The area is well known to mountain bikers as the site of the Sparrow Hill mountain biking area, an eastern enclave of Kowen Forest. A new 5 km alignment of the Kings Highway was constructed in 2010–11 to improve the safety of the road. The new section divides Sparrow Hill into two parts, and includes overtaking lanes in both directions, and bypasses a dangerous, winding section of road, including at least six bends.

==Early settlers==

Some of the early settlers in the district prior to the establishment of the Australian Capital Territory made their homes on the Kowen district. Luke and Mary Colverwell settled in a cottage on the banks of Glenburn Creek in what is now known as Kowen Forest.

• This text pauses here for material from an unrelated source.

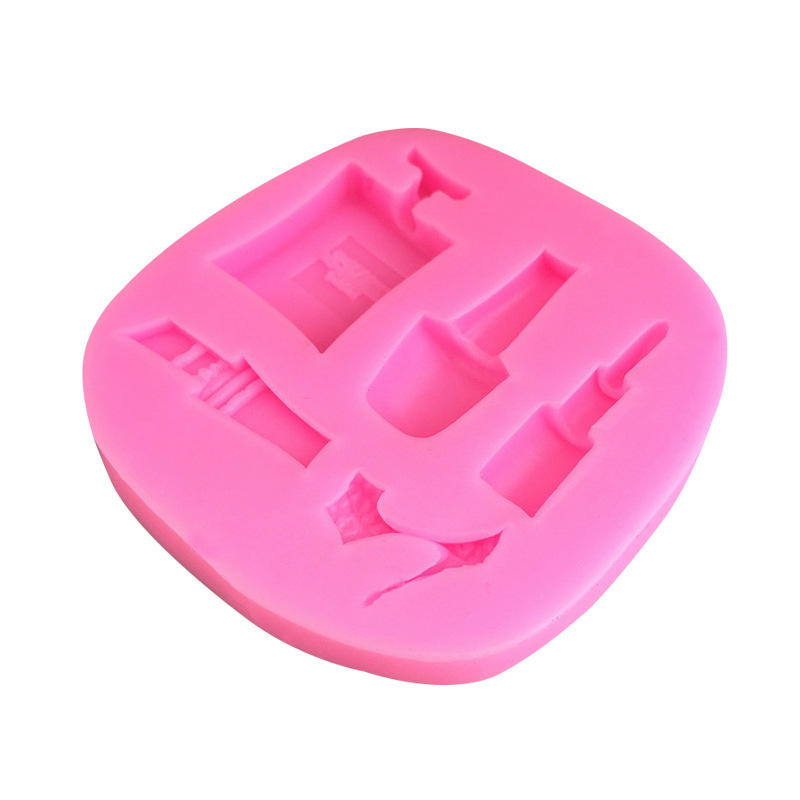 Moule en silicone pour décoration de gâteaux et fondants, formes irrégulières : rouge à lèvres, crayon à sourcils, parfum, vernis à ongles, talons hauts, motifs graphiques DIY

==Kowen Forest pine plantation==

Kowen is perhaps best known for its large pine plantations, known as Kowen Forest. A combined softwood plantation and firewood forest was established at Kowen in about 1926, on land described as otherwise useless. An additional 100 acres of pinus insignis were planted at Kowen in 1928 as part of a 1,000 acre expansion of pine plantations across the new Federal Territory district. When most of Canberra's forest estate was destroyed in the January 2003 bushfire, the Kowen plantation was the only forest that remained undamaged.

==HQJOC==

The Australian Defence Force joint command and control facility, known as Headquarters Joint Operations Command (HQJOC), is situated adjacent to the Kowen District, about halfway between the towns of Queanbeyan and Bungendore.

==Future development==

Residential development in the Kowen district has not been ruled out as part of the Australian Capital Territory's future expansion. Although the ACT's urban expansion needs for the foreseeable future will be accommodated by Gungahlin and the new Molonglo Valley development, the ACT Spatial Plan acknowledges that if the population of the ACT continues to grow beyond the capacity of these areas, further settlement will occur on the Kowen Plateau. Development of the Majura Parkway to the north of Canberra Airport would provide key access to the area.